Настя ответила с удовольствием:
– Вот этими изящными руками. Руками компьютерного бога. Дочку застрелил из ружья. А у жены твоей больное сердце было. Она как увидела, что ты натворил, – сразу обширный инфаркт.
– Я убил свою дочку. – Он будто пробовал слова на вкус. – Я? Леночку? Настя, как ты можешь такое говорить? Я любил ее больше жизни.
Михаил опустился на землю. Женщина вздохнула. Покопалась в сумочке, извлекла газету. Постелила себе. Села рядом. Санитар застыл за их спинами.
– Это доказано и бесспорно, – сухо произнесла Анастасия. – Следствие закончено, суд состоялся. Апелляцию твой адвокат подавать не стал.
– Но я не мог ее убить… – пробормотал Михаил. – Я помню… какую-то деревню заброшенную. Черт-те где от Москвы. Подвал там был, в нем объедки… Кнопка в железном кунге лежала. Лена во дворе, на траве. Я ехал туда по навигатору. А почему они там были?.. Не понимаю, не помню!
– Ладно. Тебя послушать – самой с ума спятить. Я лучше тебе все расскажу. Как на самом деле было, – терпеливо произнесла Настя. – У вас с женой за день до трагедии случился страшный скандал. Нина твоя хотела развестись и требовала денег, а ты орал, что ни копейки не дашь. И грозился убить ее. Ударил. Тогда она схватила дочку, выбросила все телефоны, чтоб оборвать «хвост», и сбежала. Далеко, в глушь. Но ты все равно ее нашел. В дальнем Подмосковье. В деревне. Явился туда с ружьем. Убивать, может, и не хотел – пугал просто. А рука дрогнула.
Больше всего Томскому сейчас хотелось схватить Анастасию за тонкое, с дрожащей синей жилкой, горло и задушить – чтобы прекратила говорить ужасные вещи.

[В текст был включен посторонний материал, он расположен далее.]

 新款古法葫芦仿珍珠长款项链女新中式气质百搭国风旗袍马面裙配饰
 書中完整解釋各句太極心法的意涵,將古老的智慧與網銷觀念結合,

Но он уже достаточно пришел в себя, чтобы понимать: тогда – сразу карцер. И новые уколы. И ни малейшего шанса докопаться до правды. Потому огромным усилием воли он взял себя в руки и прохрипел:
– Кто тебе все это рассказал?
Настя не колебалась ни секунды:
– Суд, суд, Мишенька! Хотя тебя и признали невменяемым, суд все равно был. И я там присутствовала. Из любопытства. На закрытый процесс тоже можно пробраться.

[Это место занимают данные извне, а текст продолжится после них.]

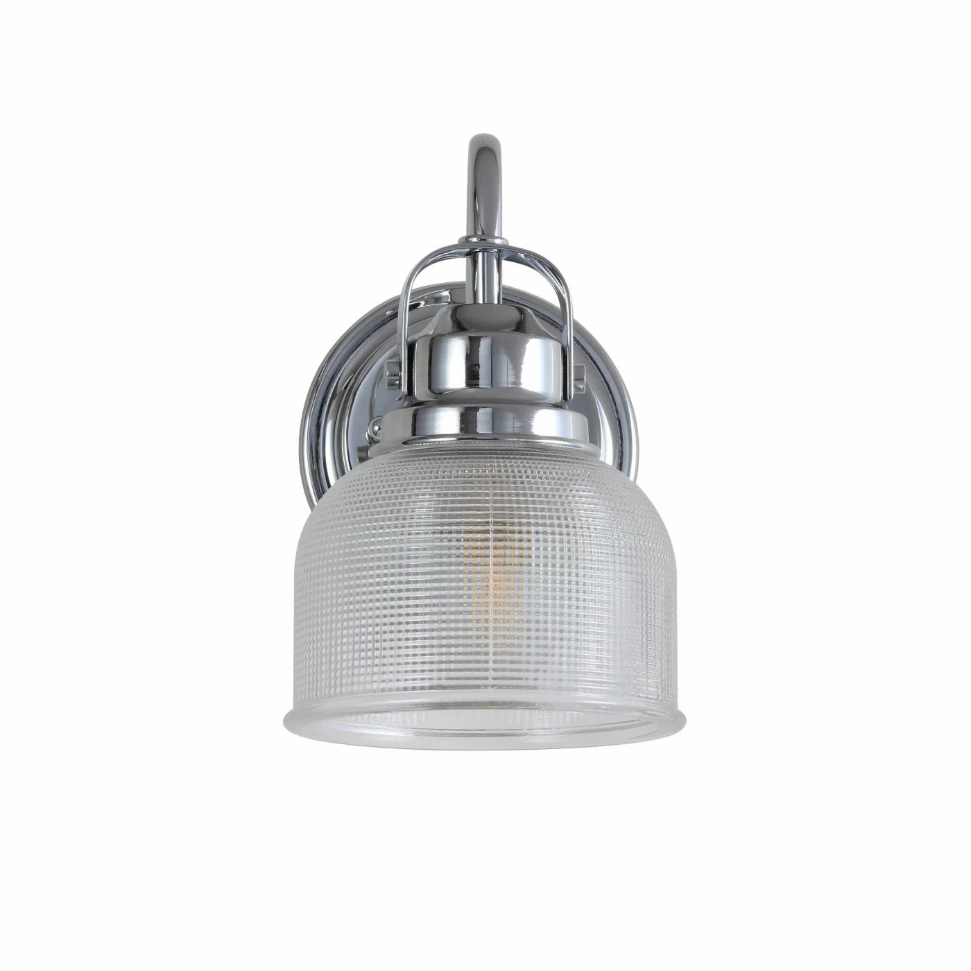 - Chrome-finished metal construction with textured glass globe

Михаил чувствовал, что задыхается:
– И кто… кто против меня… свидетельствовал?
– Во-первых, нянька, – пожала плечами Настя. – Галина какая-то, не помню. Деревенский такой говорок.
– Нянька, нянька… – Он судорожно вспоминал. – Ну да. Галина Георгиевна. Жила у нас. Знаешь, как плакала, когда девочки пропали… От телефона не отходила… мы с ней все ждали, что нам позвонят… позвонят… ну, эти…

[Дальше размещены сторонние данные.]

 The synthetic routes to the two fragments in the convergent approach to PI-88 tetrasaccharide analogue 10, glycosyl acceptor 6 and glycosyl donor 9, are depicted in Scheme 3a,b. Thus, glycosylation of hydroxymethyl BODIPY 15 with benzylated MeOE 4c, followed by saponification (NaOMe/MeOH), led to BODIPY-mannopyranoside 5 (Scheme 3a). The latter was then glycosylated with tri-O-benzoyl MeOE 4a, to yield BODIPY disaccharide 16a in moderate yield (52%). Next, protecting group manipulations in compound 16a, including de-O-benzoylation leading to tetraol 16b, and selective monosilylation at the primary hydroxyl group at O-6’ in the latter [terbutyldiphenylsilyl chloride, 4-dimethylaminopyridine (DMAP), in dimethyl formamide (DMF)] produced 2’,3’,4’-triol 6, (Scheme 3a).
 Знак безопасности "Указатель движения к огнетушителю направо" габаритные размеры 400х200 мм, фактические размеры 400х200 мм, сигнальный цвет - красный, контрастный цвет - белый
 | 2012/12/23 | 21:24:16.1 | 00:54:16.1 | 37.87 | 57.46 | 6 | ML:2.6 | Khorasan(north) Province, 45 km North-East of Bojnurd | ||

Просветленно взглянул на Настю:
– Я вспомнил! За Нину с Леночкой требовали выкуп. Пять миллионов. И я собрал эти деньги. И отнес в ячейку, на вокзал!
– Миш, – разочарованно вздохнула Настя. – Ну хватит цирка-то уже! И каяться поздно. Убил. Уже случилось. Довели. Или случайно. Что теперь поделаешь.